▶ [PROBLEM DETAILS]: Print nothing but the lines from the start of the listing below through the line that contains "猫トイレ ドーム型 引き出し式". Do not include the pictures.

▶ [RECORD EXTRACTS]:
=======
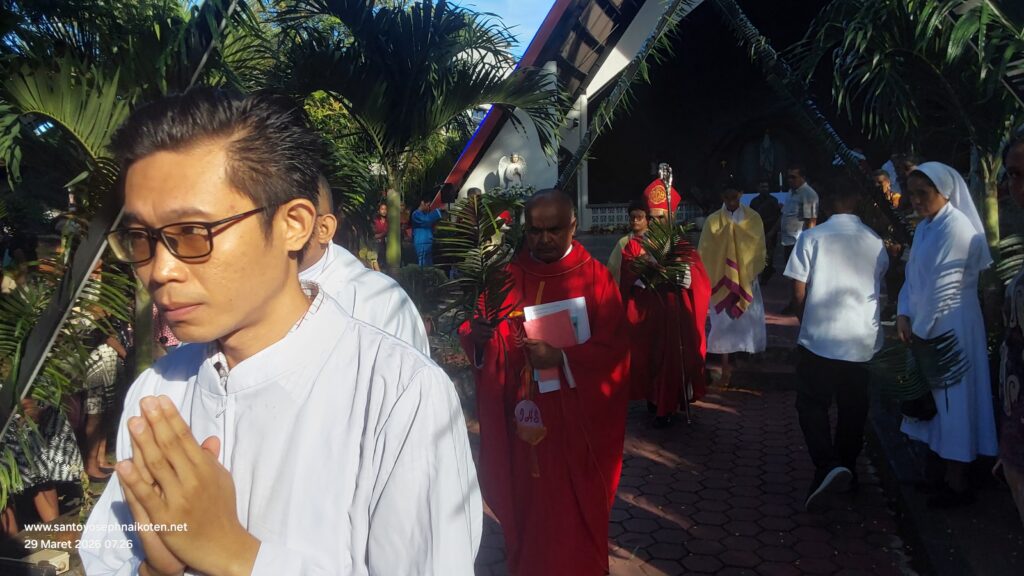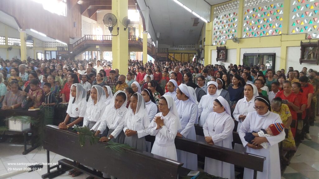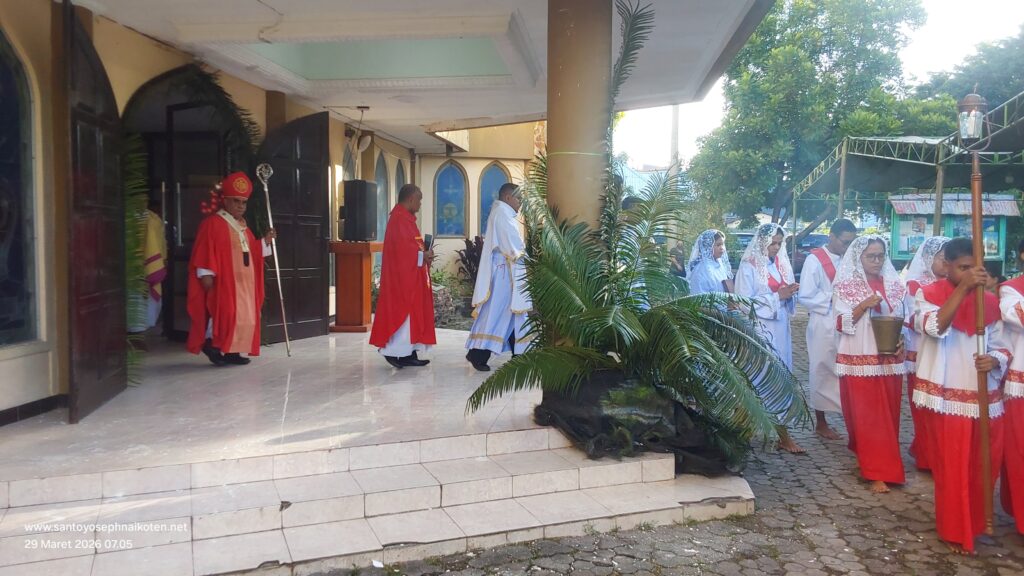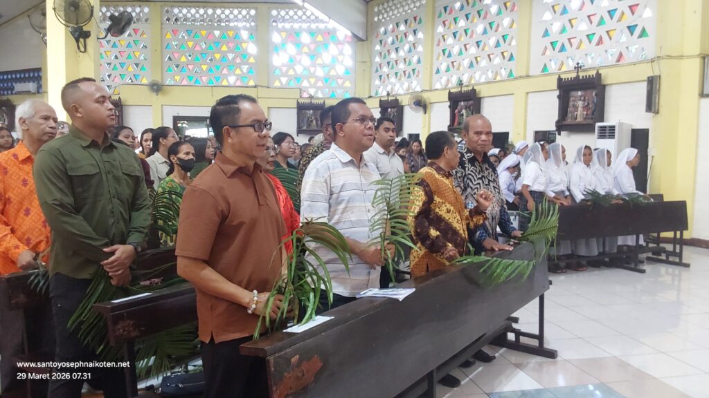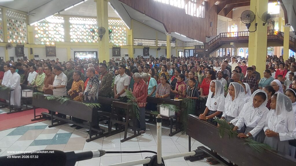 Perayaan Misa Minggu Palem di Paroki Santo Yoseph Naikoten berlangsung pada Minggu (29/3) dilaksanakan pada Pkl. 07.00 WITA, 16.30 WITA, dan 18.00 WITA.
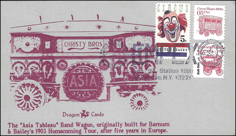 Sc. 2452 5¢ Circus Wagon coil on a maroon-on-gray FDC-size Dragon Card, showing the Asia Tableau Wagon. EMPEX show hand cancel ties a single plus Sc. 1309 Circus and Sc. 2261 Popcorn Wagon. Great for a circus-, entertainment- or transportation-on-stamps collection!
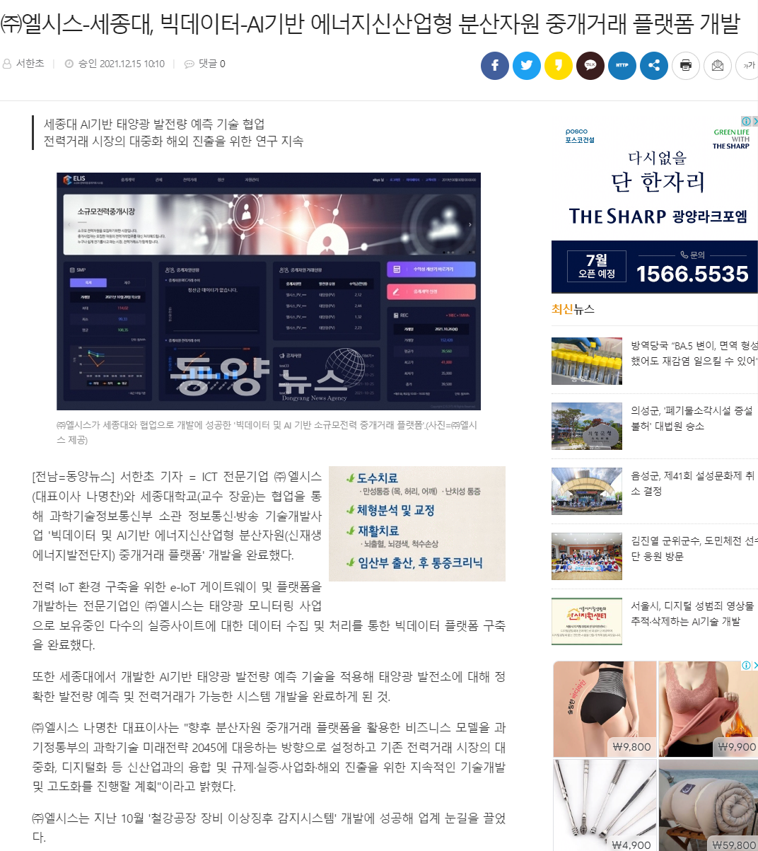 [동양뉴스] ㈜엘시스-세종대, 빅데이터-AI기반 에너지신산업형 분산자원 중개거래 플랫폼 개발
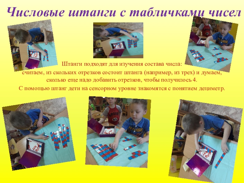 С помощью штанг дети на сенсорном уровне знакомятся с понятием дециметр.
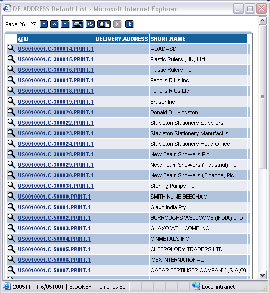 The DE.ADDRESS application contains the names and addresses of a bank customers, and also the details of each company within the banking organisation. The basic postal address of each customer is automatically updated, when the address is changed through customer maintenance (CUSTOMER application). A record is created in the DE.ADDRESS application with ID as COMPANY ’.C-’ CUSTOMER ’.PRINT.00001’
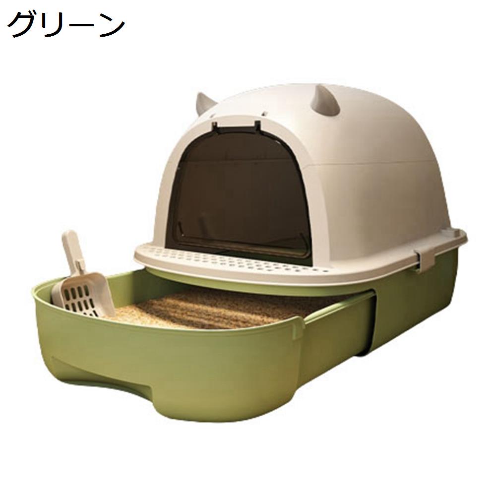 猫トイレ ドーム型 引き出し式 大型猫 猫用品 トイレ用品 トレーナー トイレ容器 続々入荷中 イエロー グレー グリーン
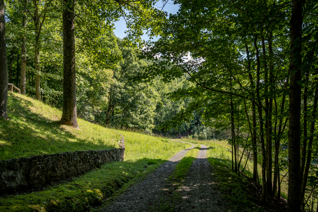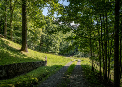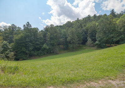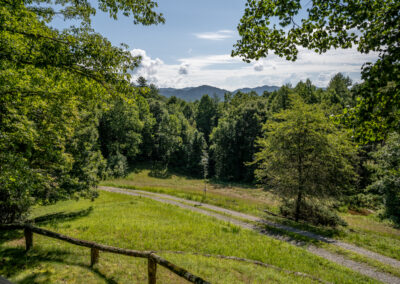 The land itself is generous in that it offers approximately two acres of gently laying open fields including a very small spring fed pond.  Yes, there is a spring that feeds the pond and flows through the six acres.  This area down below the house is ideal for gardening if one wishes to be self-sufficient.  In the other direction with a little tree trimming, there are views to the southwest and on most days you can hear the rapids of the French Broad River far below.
=======
▶ [REPLY TO THE TASK]:
 Perayaan Misa Minggu Palem di Paroki Santo Yoseph Naikoten berlangsung pada Minggu (29/3) dilaksanakan pada Pkl. 07.00 WITA, 16.30 WITA, dan 18.00 WITA.
 Sc. 2452 5¢ Circus Wagon coil on a maroon-on-gray FDC-size Dragon Card, showing the Asia Tableau Wagon. EMPEX show hand cancel ties a single plus Sc. 1309 Circus and Sc. 2261 Popcorn Wagon. Great for a circus-, entertainment- or transportation-on-stamps collection!
 [동양뉴스] ㈜엘시스-세종대, 빅데이터-AI기반 에너지신산업형 분산자원 중개거래 플랫폼 개발
 С помощью штанг дети на сенсорном уровне знакомятся с понятием дециметр.
 The DE.ADDRESS application contains the names and addresses of a bank customers, and also the details of each company within the banking organisation. The basic postal address of each customer is automatically updated, when the address is changed through customer maintenance (CUSTOMER application). A record is created in the DE.ADDRESS application with ID as COMPANY ’.C-’ CUSTOMER ’.PRINT.00001’
 猫トイレ ドーム型 引き出し式 大型猫 猫用品 トイレ用品 トレーナー トイレ容器 続々入荷中 イエロー グレー グリーン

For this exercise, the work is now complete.